The problem was that she had missed the lessons about applying the solution for a permanent. Because she was working nights and cutting classes the next day. At school she was now on the floor and over the past week she had picked up $7.85 in tips while doing $21.50 worth of work. What she had learned, she had learned well. She was good at dyes and tints and was now into cuts, practicing on the wigs and falls that the Manhattan Beauty College kept on blocks for the students to work on. The customers of the college were all women who worked downtown, older women, mostly, the kind who want rinses and permanents and want them done cheaply. Artha had done a rinse and a tint that morning and she had performed both jobs meticulously. She was not fast, but she was thorough, and speed would come later. What was important now was learning how to do the job right. Everything was going well until this old broad in bifocals came in and demanded a permanent. Artha was the only girl free on the floor. She did not have permanents down yet, but it was worth a try. She put on too much solution. The woman began to complain.

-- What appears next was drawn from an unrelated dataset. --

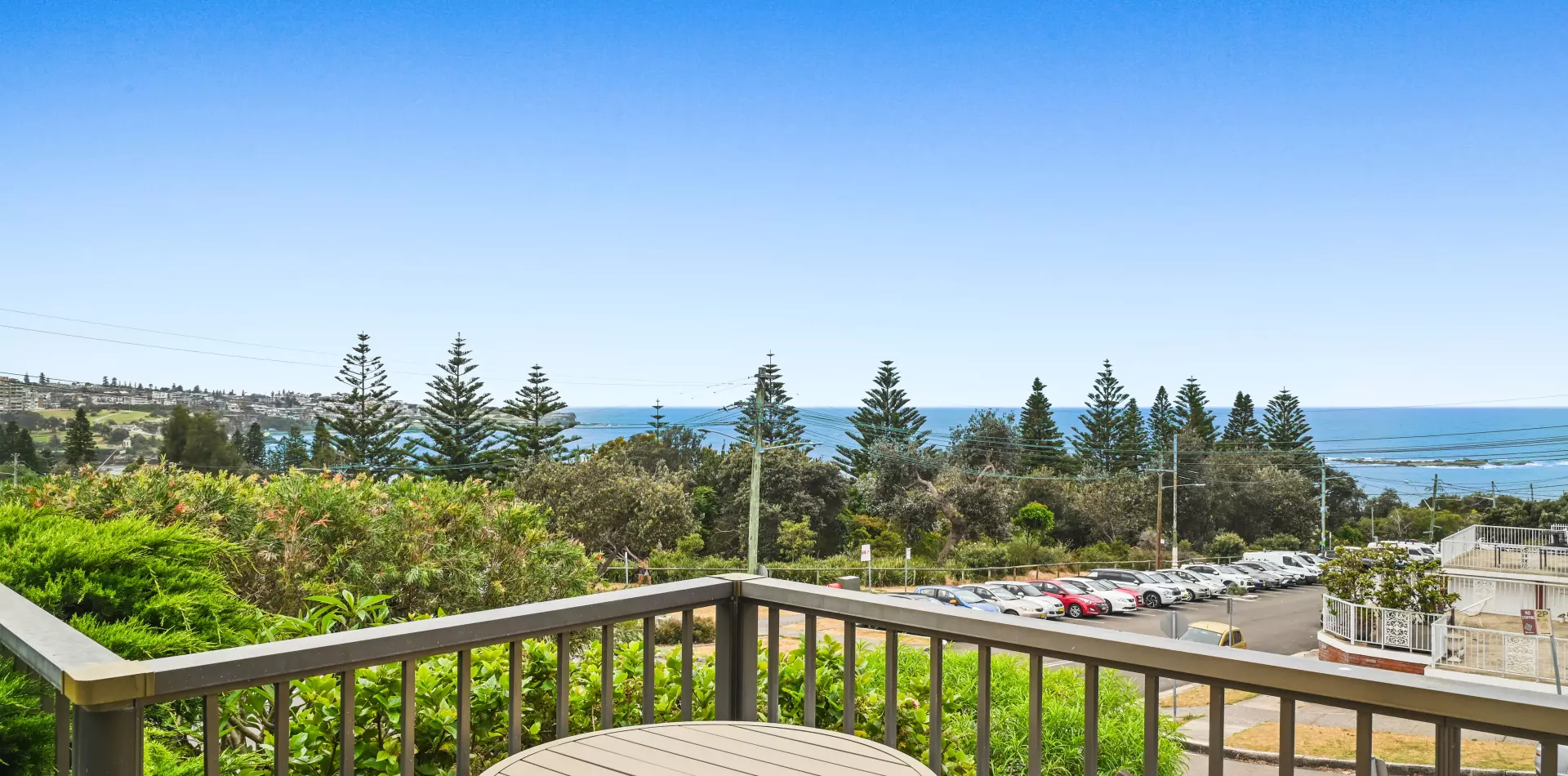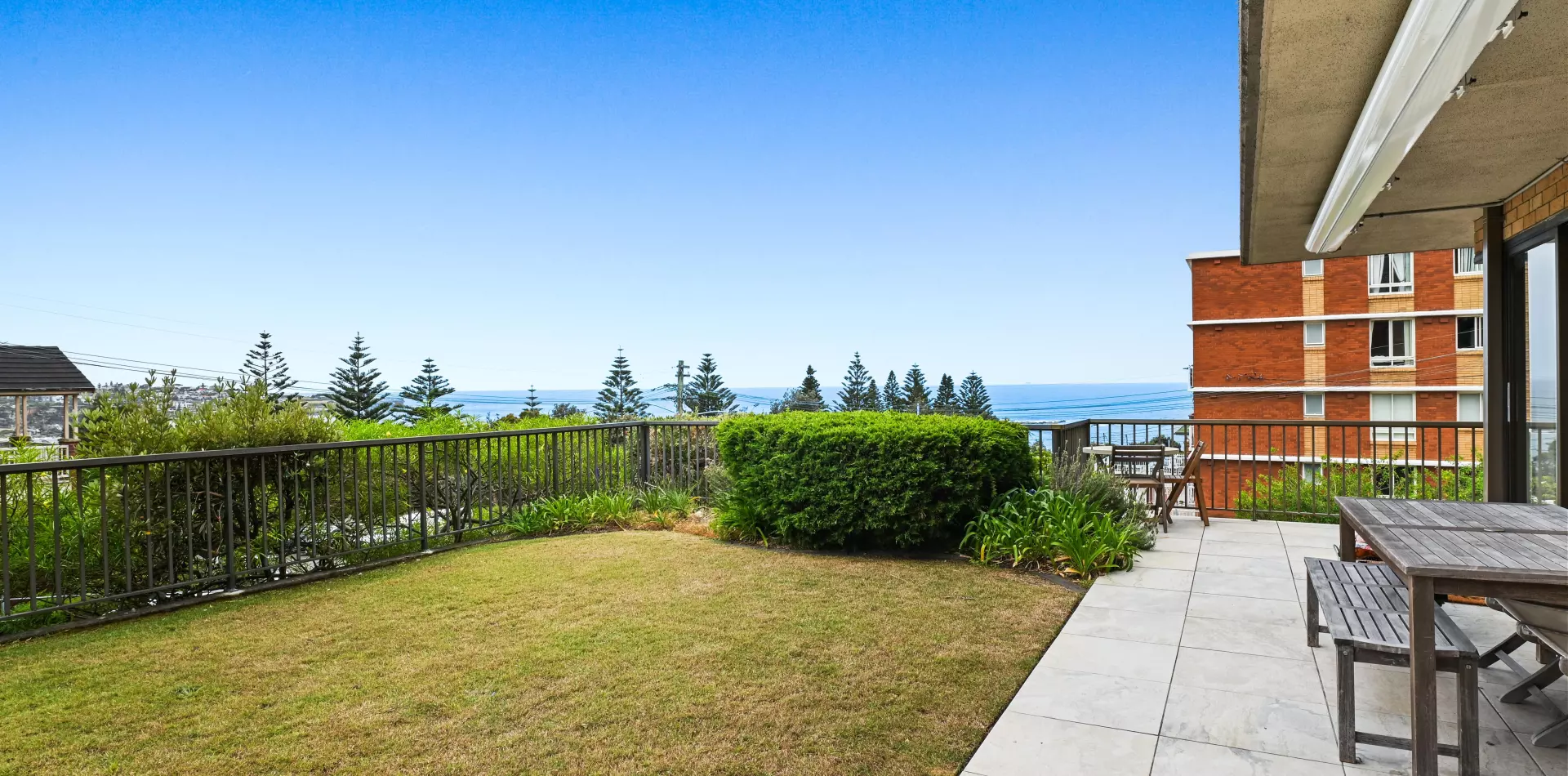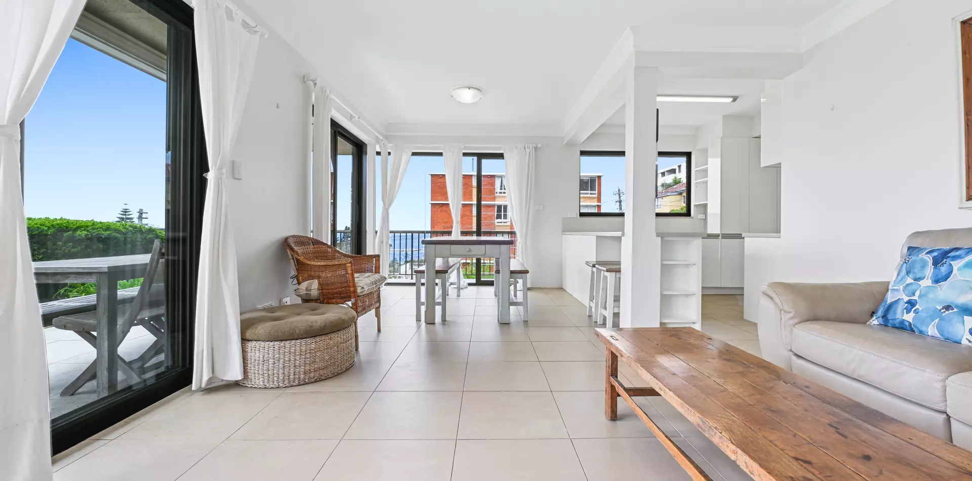 > Open-plan living and dining extends outdoors, views over Coogee Beach

Artha got flustered. She was tired, she began to make mistakes. She realized how little sleep she had been getting. First the night in the tank, then last night, trying to make up for it, with a man from Chicago who dealt in pork futures. She had spent the evening with him at the crap tables at the Riviera and then, when she finally got him to his room, he could not get it up. She worked on him for two hours, until 4:30 in the morning. The john was in for $100, but when he could not make it, he demanded $50 back. She had first told him to go fuck himself and then she remembered the night in the tank and returned the $50. Two nights in the tank were two too many. And now this old bitch was complaining about the solution. It was burning her scalp, it was splitting the hair ends. Mr. Luigi ordered Artha off the floor and began to soothe the customer. Her permanent would be free. Mr. Luigi would perform it himself. That old bitch. Fuck her. Fuck the recession. Fuck Nixon.
• • •
Buster Mano filleted a Hostess Twinkie as neatly as if it were a Dover sole. With a butter knife he scooped the cream filling from each half of the cake, leaving a hollow in each like a pitted avocado. Buster never ate the cream in a Twinkie; he claimed the filling made him bind up. His lower intestine was a Dunkirk always waiting to be evacuated and Buster kept up-to-the-minute status reports on the departure readiness of his bowels. He signaled the waitress for a half cup of coffee. Hot and weak. The waitress extracted a pencil from the northern extremities of her lavender-tinted beehive and pondered the order. A half cup, hot and weak.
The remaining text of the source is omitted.